- WHAT THIS TASK INVOLVES:
Would you give the listing again exactly as written, minus its pictures?
****************
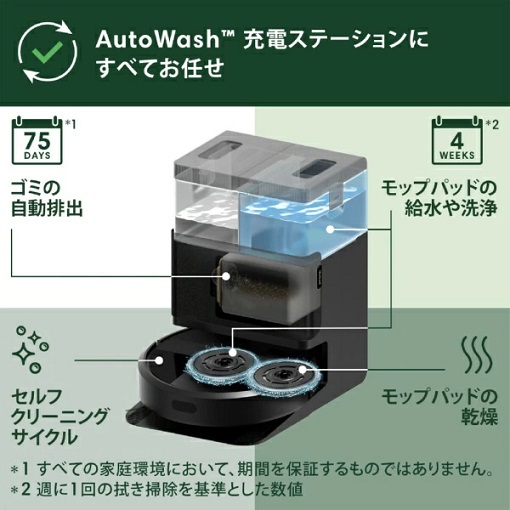 AutoWash 充電ステーションで、ゴミの自動排出、モップパッド洗浄、送風乾燥で、毎日変わらずの効果的な掃除を実現。
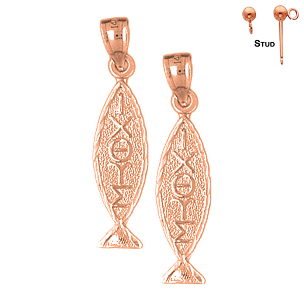 14K or 18K Gold Christian Fish With Oxeye Earrings
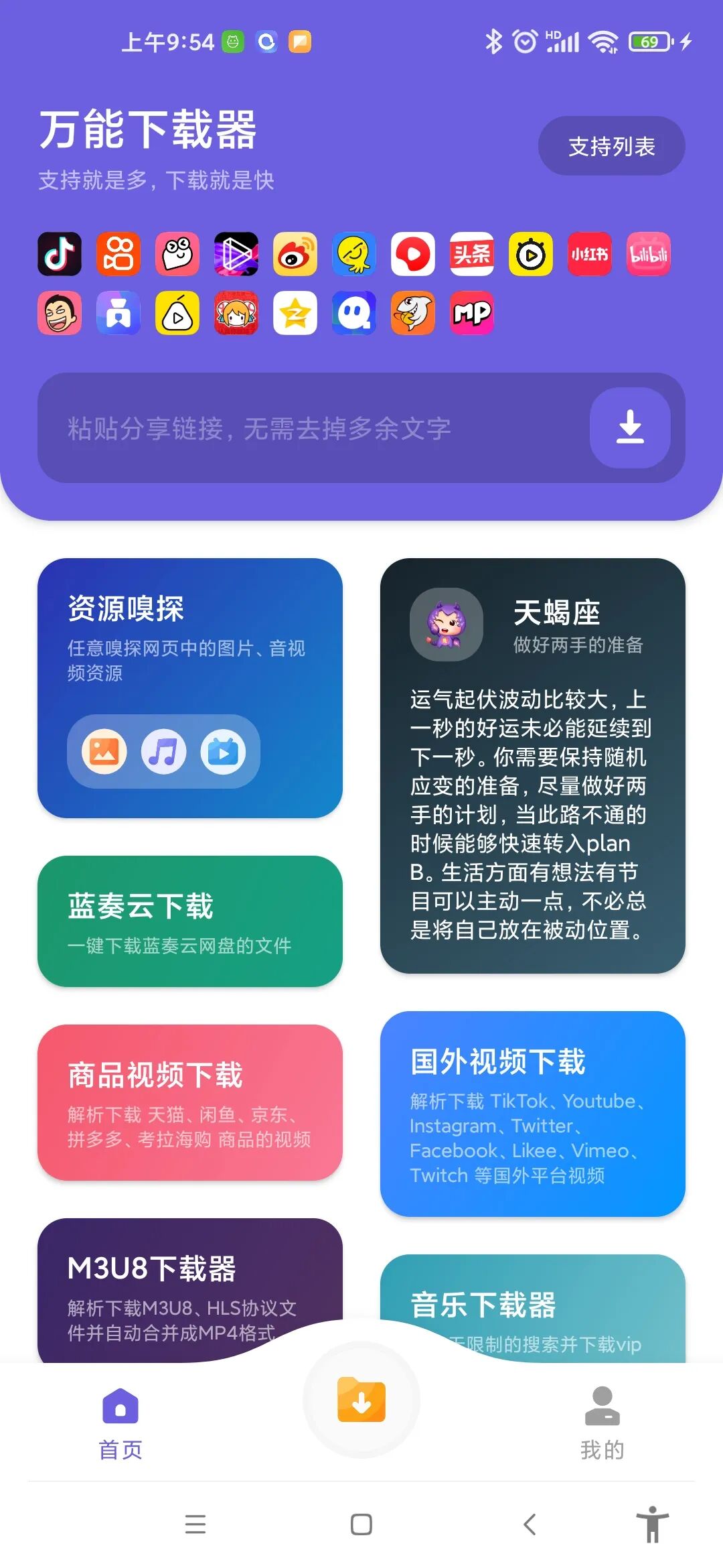 万能下载器,这应该算是一个聚合类的下载神器了,功能也是相当的齐全,正如刺客之前所说的,最强的当属它的资源嗅探,以及与视频下载,包括电商平台的商品头图视频,全都提供一键下载!更附带了音乐下载功能,甚至支持图片、壁纸、头像下载等等。
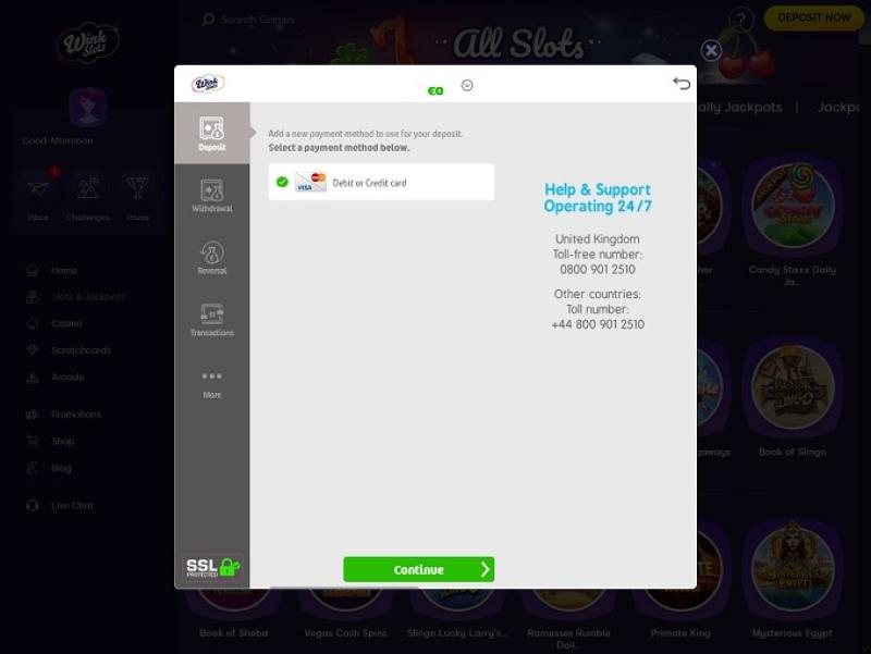 Wink Slots 网站设有“负责任博彩”版块,玩家可以在此找到有关如何对抗问题赌博行为的信息。此外,该网站还提供自我隔离和投注限额方面的帮助,这些服务是所有博彩网站都应该提供的。客服人员每周 7 天、每天 24 小时通过电子邮件和电话提供。网站客服人员回复帮助请求迅速,并解答了我遇到的所有与奖金条款和条件相关的问题。Wink Slots 使用 128 位 SSL 加密技术保护玩家信息,该技术会在您的计算机和赌场服务器之间传输您的个人和财务数据时对其进行加密。这是一项关键的安全功能,我们很高兴看到 Wink Slots 为客户提供这项服务。
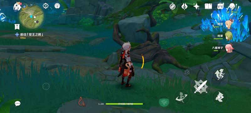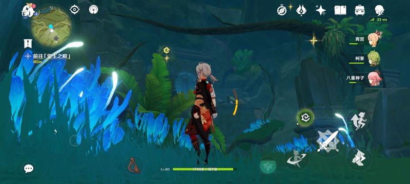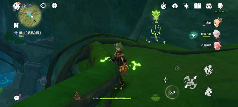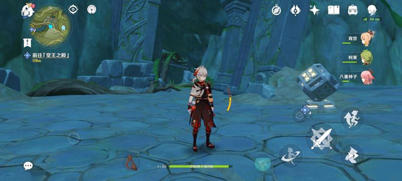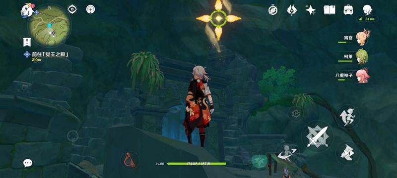 当任务引导旅行者进入觉王之殿时,会发现整个区域被水淹没。首先,传送到觉王之殿附近,飞到下方的平台,可以看到一个机关和一个洞口。
****************
- TASK RESPONSE:
 AutoWash 充電ステーションで、ゴミの自動排出、モップパッド洗浄、送風乾燥で、毎日変わらずの効果的な掃除を実現。
 14K or 18K Gold Christian Fish With Oxeye Earrings
 万能下载器,这应该算是一个聚合类的下载神器了,功能也是相当的齐全,正如刺客之前所说的,最强的当属它的资源嗅探,以及与视频下载,包括电商平台的商品头图视频,全都提供一键下载!更附带了音乐下载功能,甚至支持图片、壁纸、头像下载等等。
 Wink Slots 网站设有“负责任博彩”版块,玩家可以在此找到有关如何对抗问题赌博行为的信息。此外,该网站还提供自我隔离和投注限额方面的帮助,这些服务是所有博彩网站都应该提供的。客服人员每周 7 天、每天 24 小时通过电子邮件和电话提供。网站客服人员回复帮助请求迅速,并解答了我遇到的所有与奖金条款和条件相关的问题。Wink Slots 使用 128 位 SSL 加密技术保护玩家信息,该技术会在您的计算机和赌场服务器之间传输您的个人和财务数据时对其进行加密。这是一项关键的安全功能,我们很高兴看到 Wink Slots 为客户提供这项服务。
 当任务引导旅行者进入觉王之殿时,会发现整个区域被水淹没。首先,传送到觉王之殿附近,飞到下方的平台,可以看到一个机关和一个洞口。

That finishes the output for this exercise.